I don’t get shrill (except here perhaps: is this shrill?). I’m not the assertive kind. I wish I were an activist, but I crumble in any kind of confrontational situation. I can’t make this place change. So I plan our escape. I count my blessings: easy access to information, an ability to do the research, and a husband who will one day, once I have enough information, arguments and confidence, understand the wisdom and the need to execute the plan.
Amie plays a large role in my “enlightenment,” which started to burn more brightly a couple of months ago. Yes, she is almost 2 years old.
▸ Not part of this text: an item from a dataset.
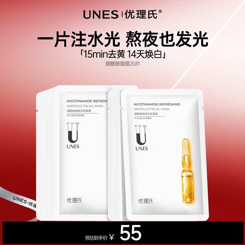 优理氏(UNES)玻尿酸熬夜面膜深层补水保湿晒后修护滋养护肤锁水嫩肤改善干燥 烟酰胺面膜20片

But it took me at least a year to get over the shock of motherhood, to settle back into the habit of sleep and a clear mind so I could think beyond tomorrow.
Also, the rapid development of her cognitive and language skills is forcing me to more articulateness, thoughtfulness, and accountability.
Because, one of these days, she is going to ask: Why?
I dread that day, and I dream of it with a passion. And I want to be ready.
So here’s the plan:
- to be self-sufficient for a large chunk of our food: grow vegetables, plant fruit trees, keep chickens and even goats, and even, even bees…
- to be self-sufficient for at least some of the objects we use: furniture, toys, clothes, housing, electricity and heating…
- to be autonomous, self-regulating, responsible.
- to be skillful, handy, creative, flexible.
- to be confident and active after questioning, discerning, investigating (a never-ending process).
- to be a good stewart of what little of nature is under our “control”, and respectful of the rest.
- to be happy and joyful.
- …
I thought it would be a long list, but this is really all I want. Is it so much to ask for? Is it so hard to get?